Vous parlez de « révolution douce », pourquoi ?
« Révolution » parce qu'en dix ans, les différentes réformes ont, sinon renversé les piliers, au moins bouleversé les principes de la politique sanitaire et sociale. « Douce », parce que cette transformation s'est faite essentiellement par la loi avec une production de textes largement supérieure à celle de la dernière moitié du XXe siècle. Ce qui ne veut pas dire que la société civile n'y a pas participé. Que ce soit pour la loi 2002-2, celles sur le handicap du 11 février 2005 ou sur la protection de l'enfance de mars 2007, la loi « hôpital, patients, santé et territoires », les fédérations et leurs associations se sont impliquées à travers les nombreux débats et les propositions d'amendements, voire les pétitions, qui ont précédé et accompagné la rédaction des textes.
Ces réformes ne se sont donc pas faites dans le dos des professionnels...
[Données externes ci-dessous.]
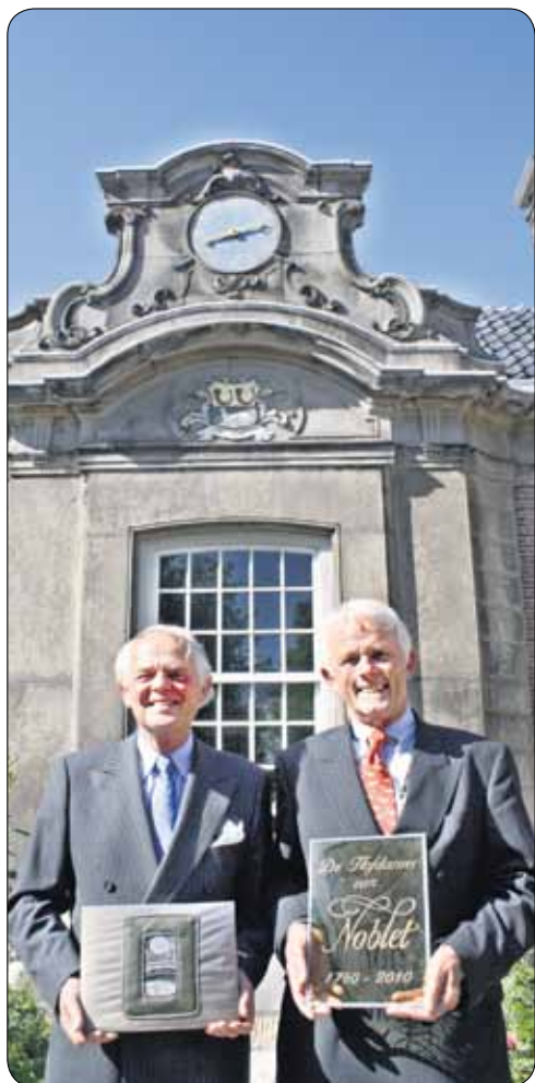
• Fier met de cadeaus van de hofdames, de regenten Stuart (l) en Termeijtelen

Non, mais, en même temps, ces changements radicaux n'ont pas été précédé de mouvements sociaux permettant de débattre de la meilleure manière d'aborder la question sociale. Point de grandes grèves comme en mai 1936 avant le Font populaire, ou en 1968 avant les accords de Grenelle. Comme si les exécutifs successifs, en mobilisant les consciences sur l'urgence des transformations nécessaires, avaient demandé aux élus de faire leur « devoir » en mettant de côté les conséquences sociales, organisationnelles, professionnelles, de ces changements. D'où un certain paradoxe : si la société civile y a, au moins en partie, participé, cette révolution s'est effectuée sans quasiment toucher à l'organisation des politiques sanitaires et sociales. Certes on a fermé des enveloppes, proposé des contrats pluriannuels d'objectifs et de moyens et des groupements de coopération sociale et médico-sociale. Mais les établissements, même s'ils sont bousculés par l'évaluation interne, fonctionnent sur les mêmes bases qu'à la fin des années 70. Dans ce contexte paradoxal, les intervenants n'y comprennent plus rien. Ils sont dans une incertitude quotidienne, qui produit plus de perplexité que d'innovation. Or, plus que de recommandations produites par les nouvelles agences - qui s'ajoutent à la masse de textes à assimiler -, ils ont besoin de comprendre le sens de ces bouleversements, d'en percevoir le fil rouge et la cohérence.
Comment leur permettre de s'approprier ces réformes ?
Dans l'ensemble des lois, on retrouve les mêmes principes « architectoniques ». Toutes renvoient à la compréhension personnalisée et partagée de situations de vulnérabilité, aux notions de « parcours » et de « plan personnalisé partagé », à une stratégie globale d'intervention dans des territoires de vie. On pourrait partir de ces principes pour impulser de la méthode et de l'accompagnement afin de réorganiser l'ensemble du dispositif social et médico-social et les organisations de travail. Il me semble ainsi urgent de développer une recherche appliquée aux territoires, mais également de réfléchir à la manière de prendre en compte effectivement les personnes dans les services (comment se décline leur autonomie dans les stratégies d'intervention ? quels changements organisationnels implique le projet de vie ?) et de définir une nouvelle gouvernance des institutions et administrations. Si on ne veut pas que ces réformes tournent court, il faut aller au-delà de la mise aux normes des pratiques et ne pas avoir peur de remettre en cause la place des travailleurs sociaux, des groupes d'usagers, des politiques. La « révolution organisationnelle » reste à mener, surtout si on souhaite que cette deuxième phase soit douce, elle aussi.
(1) Intervenu à la journée de valorisation DEIS/Cafdes, « Du sujet au projet : la double tension individualisation/territorialisation », le 11 février à l'IRTS de Bretagne.